**Exercise details**. Excluding pictures, retype exactly the lines from the one with "Not that anyone" through the end of the records that follow.

━━━━━━

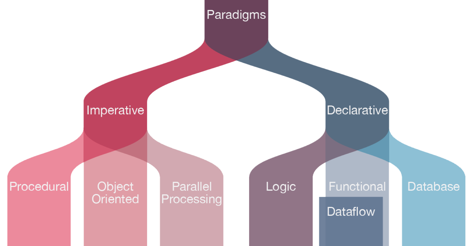 上面这个图有点乱,不过总体说来,我们可以简单地把这世界上纷乱的编程范式,分成这几类:声明式、命名式、逻辑的、函数式、面向对象的、面向过程的。
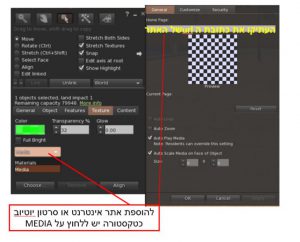 לאחר בחירת הפאה שעליה יוקרן אתר האינטרנט או סרטון, יש ללחוץ על לשונית TEXTURE ולפתוח את החלון של MATERIALS ולשנות ל MEDIA, ואחר מכן, ללחוץ על כפתור CHOOSE.
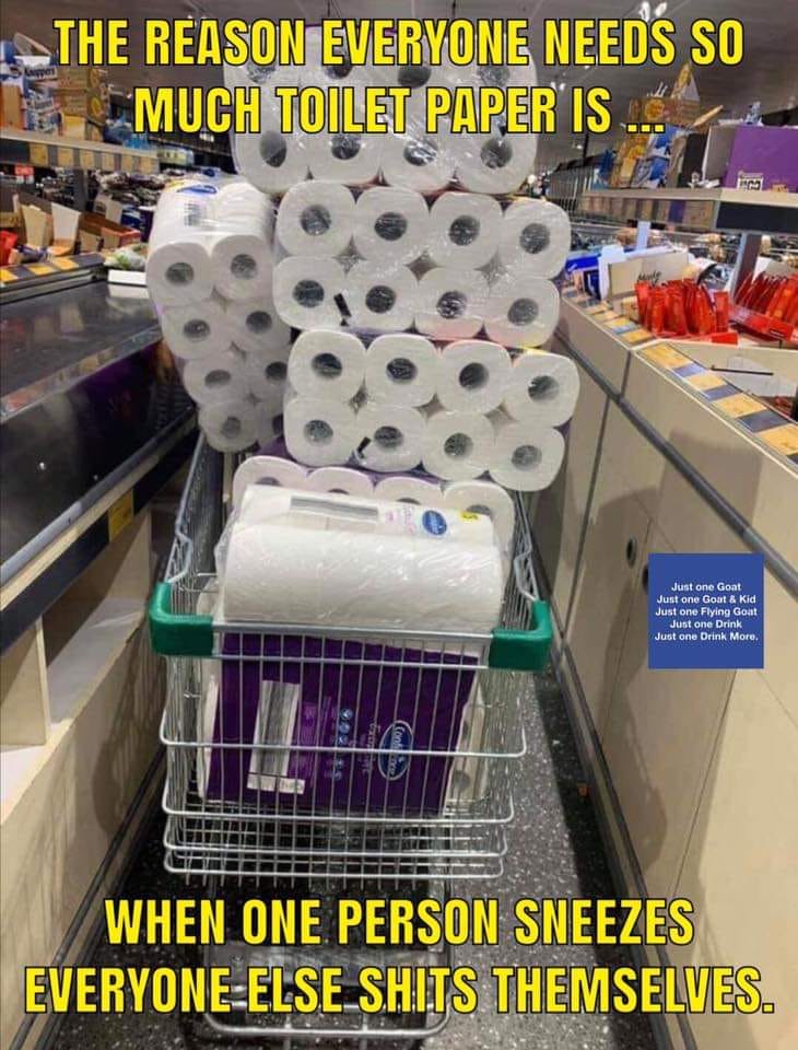 Not that anyone on social media has any sort of brain for this sort of thinking. All that’s there currently are fucking stupid fucking memes about toilet paper. While I love memes, I hate these stupid popular ones. Yes, it’s stupid that people are stocking up on toilet paper for some reason, but the memes making fun of it are even dumber than those stocking up, albeit in a different way.
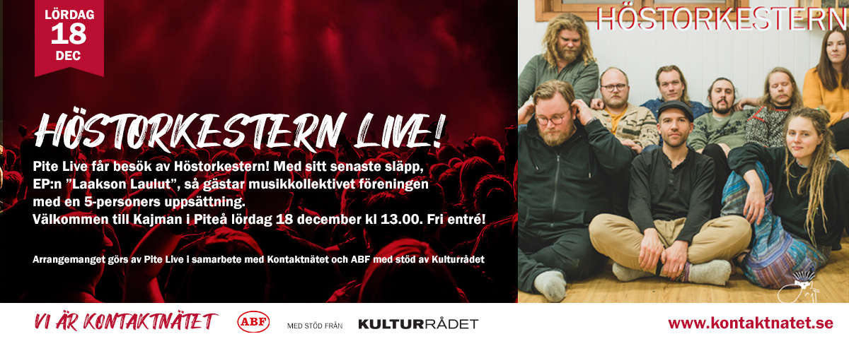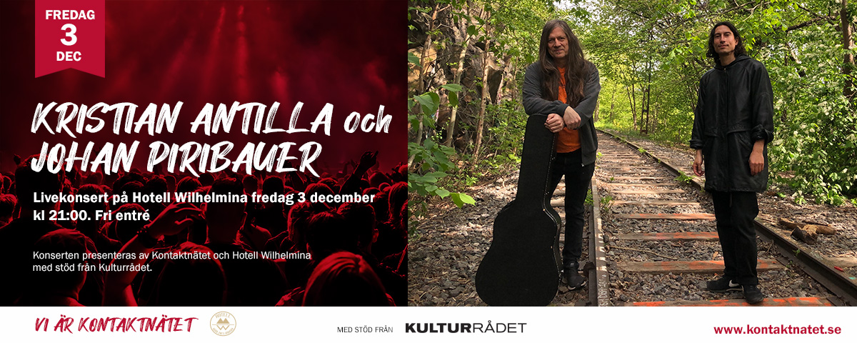 I samband med Kontaktnätets kongress arrangeras en konsert med Kristian Antilla och Johan Piribauer på Hotell Wilhelmina. Konserten äger rum fredag 3 december och börjar 21.00. Fri entré. Konserten arrangeras av Kontaktnätet med stöd av Kulturrådet.
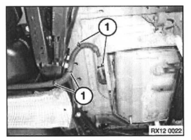 Release clips (1) securing positive cable to body and rear axle.

━━━━━━

**Response area**.
 Not that anyone on social media has any sort of brain for this sort of thinking. All that’s there currently are fucking stupid fucking memes about toilet paper. While I love memes, I hate these stupid popular ones. Yes, it’s stupid that people are stocking up on toilet paper for some reason, but the memes making fun of it are even dumber than those stocking up, albeit in a different way.
 I samband med Kontaktnätets kongress arrangeras en konsert med Kristian Antilla och Johan Piribauer på Hotell Wilhelmina. Konserten äger rum fredag 3 december och börjar 21.00. Fri entré. Konserten arrangeras av Kontaktnätet med stöd av Kulturrådet.
 Release clips (1) securing positive cable to body and rear axle.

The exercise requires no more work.